- **WORK TASK**
Output only the stretch of the listing that starts at the line containing "true sky. |" and ends at the line containing "电商app系统和UI工具包,包括超过50个创意设计组件sketch源文件", reproduced exactly with both ends.

Segment Start: INPUT DATA

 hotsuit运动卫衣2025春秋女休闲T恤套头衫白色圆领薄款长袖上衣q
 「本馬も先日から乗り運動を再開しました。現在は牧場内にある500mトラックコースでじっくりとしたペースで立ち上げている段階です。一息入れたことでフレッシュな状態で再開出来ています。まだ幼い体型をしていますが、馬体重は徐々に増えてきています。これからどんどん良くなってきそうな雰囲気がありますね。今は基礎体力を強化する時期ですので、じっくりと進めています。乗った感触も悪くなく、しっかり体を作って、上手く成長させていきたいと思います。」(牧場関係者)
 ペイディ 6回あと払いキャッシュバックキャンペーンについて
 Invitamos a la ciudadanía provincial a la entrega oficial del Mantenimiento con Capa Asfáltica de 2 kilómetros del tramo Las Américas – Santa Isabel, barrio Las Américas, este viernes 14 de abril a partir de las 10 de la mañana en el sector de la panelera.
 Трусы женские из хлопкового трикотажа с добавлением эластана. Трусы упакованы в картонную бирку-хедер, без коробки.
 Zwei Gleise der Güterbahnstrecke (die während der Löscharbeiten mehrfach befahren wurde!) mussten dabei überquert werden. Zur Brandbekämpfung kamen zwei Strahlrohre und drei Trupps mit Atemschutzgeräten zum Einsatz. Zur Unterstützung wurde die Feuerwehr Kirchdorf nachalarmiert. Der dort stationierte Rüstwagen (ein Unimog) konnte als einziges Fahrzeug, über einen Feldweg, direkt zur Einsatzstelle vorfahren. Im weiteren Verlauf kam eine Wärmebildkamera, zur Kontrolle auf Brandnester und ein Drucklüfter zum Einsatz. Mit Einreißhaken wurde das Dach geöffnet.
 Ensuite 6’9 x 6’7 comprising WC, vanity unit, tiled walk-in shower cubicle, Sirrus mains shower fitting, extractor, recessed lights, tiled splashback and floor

Segment End: INPUT DATA
Segment Start: INPUT DATA

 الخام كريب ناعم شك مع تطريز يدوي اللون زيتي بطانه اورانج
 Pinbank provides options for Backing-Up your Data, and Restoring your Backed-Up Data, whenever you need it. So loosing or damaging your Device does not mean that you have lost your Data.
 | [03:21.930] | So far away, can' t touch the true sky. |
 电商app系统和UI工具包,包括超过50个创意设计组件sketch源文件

Segment End: INPUT DATA
Segment Start: INPUT DATA

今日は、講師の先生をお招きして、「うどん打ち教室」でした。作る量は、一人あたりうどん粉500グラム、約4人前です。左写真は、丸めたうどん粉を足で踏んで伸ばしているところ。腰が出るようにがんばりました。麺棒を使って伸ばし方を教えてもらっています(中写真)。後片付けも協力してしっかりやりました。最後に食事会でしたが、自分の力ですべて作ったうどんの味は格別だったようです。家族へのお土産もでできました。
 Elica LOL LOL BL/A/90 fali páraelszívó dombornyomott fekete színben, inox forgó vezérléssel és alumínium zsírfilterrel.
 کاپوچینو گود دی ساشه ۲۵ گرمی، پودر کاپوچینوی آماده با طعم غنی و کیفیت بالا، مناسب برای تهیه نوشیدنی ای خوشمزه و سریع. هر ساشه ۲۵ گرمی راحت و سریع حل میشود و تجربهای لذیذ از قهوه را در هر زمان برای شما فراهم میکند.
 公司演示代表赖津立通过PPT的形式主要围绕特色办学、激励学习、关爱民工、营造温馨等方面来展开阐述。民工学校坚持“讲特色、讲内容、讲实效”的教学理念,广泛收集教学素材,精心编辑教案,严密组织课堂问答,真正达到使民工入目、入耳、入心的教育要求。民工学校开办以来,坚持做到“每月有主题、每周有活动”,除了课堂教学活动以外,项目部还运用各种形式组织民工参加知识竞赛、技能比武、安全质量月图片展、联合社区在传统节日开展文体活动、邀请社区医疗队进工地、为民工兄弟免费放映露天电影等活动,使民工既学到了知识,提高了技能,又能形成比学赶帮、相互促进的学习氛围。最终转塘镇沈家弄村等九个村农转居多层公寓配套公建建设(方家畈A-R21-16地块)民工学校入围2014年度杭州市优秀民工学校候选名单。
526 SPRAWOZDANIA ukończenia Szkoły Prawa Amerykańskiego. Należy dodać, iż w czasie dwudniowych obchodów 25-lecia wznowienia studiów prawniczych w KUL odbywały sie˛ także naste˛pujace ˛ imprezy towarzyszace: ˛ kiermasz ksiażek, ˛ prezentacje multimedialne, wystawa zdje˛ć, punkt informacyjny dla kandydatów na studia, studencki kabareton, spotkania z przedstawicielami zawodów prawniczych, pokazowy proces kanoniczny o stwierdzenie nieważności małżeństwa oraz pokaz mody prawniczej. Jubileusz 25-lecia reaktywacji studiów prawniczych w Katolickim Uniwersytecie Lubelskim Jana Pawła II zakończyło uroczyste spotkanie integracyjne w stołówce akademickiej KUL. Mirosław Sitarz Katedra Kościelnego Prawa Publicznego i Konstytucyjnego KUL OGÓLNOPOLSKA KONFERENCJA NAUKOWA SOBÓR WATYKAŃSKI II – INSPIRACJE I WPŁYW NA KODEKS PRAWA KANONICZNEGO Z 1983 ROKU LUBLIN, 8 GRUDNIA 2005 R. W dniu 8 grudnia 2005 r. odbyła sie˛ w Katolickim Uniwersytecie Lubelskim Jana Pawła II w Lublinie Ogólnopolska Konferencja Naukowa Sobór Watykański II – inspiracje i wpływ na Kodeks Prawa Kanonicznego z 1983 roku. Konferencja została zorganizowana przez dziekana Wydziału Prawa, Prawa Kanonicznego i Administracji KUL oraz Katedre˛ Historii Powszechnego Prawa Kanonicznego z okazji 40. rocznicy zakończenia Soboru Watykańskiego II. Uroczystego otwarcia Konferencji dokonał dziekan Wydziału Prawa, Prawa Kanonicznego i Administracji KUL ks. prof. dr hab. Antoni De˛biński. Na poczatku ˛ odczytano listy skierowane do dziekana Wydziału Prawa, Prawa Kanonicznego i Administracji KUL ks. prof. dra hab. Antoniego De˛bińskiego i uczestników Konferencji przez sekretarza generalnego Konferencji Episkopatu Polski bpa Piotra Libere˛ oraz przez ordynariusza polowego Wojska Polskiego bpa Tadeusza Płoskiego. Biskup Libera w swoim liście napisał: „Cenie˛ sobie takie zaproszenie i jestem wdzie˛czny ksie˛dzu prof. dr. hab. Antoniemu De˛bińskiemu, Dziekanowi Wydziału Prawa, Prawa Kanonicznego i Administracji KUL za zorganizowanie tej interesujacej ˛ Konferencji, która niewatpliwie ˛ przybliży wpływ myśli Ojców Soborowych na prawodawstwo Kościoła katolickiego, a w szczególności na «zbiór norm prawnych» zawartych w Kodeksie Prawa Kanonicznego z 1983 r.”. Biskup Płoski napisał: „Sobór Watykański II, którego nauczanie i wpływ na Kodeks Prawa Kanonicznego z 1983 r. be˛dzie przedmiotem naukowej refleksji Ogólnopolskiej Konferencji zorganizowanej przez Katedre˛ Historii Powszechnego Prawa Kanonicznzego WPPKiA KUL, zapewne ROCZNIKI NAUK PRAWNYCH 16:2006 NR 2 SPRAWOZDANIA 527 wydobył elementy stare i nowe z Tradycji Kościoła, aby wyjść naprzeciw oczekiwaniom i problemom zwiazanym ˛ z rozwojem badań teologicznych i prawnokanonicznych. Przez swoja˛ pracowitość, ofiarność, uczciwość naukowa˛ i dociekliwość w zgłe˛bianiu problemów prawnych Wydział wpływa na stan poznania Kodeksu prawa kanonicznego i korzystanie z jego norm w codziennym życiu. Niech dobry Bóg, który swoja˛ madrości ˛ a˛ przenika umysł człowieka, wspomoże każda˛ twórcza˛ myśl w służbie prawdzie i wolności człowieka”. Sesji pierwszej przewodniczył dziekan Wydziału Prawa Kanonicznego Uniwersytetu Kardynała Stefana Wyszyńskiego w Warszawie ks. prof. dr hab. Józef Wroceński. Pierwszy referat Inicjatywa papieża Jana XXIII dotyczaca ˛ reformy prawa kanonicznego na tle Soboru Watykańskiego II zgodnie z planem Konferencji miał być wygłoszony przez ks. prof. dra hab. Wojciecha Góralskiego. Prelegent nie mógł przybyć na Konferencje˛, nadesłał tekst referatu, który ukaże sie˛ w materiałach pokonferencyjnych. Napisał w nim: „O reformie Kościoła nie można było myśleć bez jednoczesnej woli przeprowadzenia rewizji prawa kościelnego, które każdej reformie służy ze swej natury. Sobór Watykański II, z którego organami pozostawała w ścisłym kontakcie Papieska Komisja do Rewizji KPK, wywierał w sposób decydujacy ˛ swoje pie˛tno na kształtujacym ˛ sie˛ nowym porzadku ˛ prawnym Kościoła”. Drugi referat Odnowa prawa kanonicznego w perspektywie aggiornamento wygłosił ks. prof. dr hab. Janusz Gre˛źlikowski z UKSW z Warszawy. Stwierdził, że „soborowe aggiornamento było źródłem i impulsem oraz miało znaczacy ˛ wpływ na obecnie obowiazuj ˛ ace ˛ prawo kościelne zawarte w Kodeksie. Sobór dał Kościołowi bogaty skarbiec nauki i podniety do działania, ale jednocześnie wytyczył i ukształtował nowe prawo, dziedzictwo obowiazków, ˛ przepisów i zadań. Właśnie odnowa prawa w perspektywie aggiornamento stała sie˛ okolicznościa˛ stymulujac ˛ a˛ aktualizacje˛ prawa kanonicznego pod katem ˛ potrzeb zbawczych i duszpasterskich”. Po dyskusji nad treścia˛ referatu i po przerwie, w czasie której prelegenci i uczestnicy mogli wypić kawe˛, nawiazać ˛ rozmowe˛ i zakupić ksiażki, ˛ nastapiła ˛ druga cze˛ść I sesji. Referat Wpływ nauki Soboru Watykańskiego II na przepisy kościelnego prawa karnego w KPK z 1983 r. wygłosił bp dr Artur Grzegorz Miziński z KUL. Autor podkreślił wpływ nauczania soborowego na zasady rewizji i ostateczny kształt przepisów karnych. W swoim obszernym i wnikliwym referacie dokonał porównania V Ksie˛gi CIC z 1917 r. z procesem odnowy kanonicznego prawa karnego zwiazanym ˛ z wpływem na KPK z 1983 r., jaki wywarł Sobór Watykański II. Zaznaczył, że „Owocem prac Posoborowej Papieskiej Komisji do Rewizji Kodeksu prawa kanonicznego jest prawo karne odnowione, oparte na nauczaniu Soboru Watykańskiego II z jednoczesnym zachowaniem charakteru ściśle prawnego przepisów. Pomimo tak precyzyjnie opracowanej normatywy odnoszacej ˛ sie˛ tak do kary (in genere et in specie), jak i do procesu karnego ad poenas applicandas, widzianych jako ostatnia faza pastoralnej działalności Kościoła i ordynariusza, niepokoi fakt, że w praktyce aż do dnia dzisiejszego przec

Segment End: INPUT DATA

- **ANSWER FOR THIS EXERCISE**
 | [03:21.930] | So far away, can' t touch the true sky. |
 电商app系统和UI工具包,包括超过50个创意设计组件sketch源文件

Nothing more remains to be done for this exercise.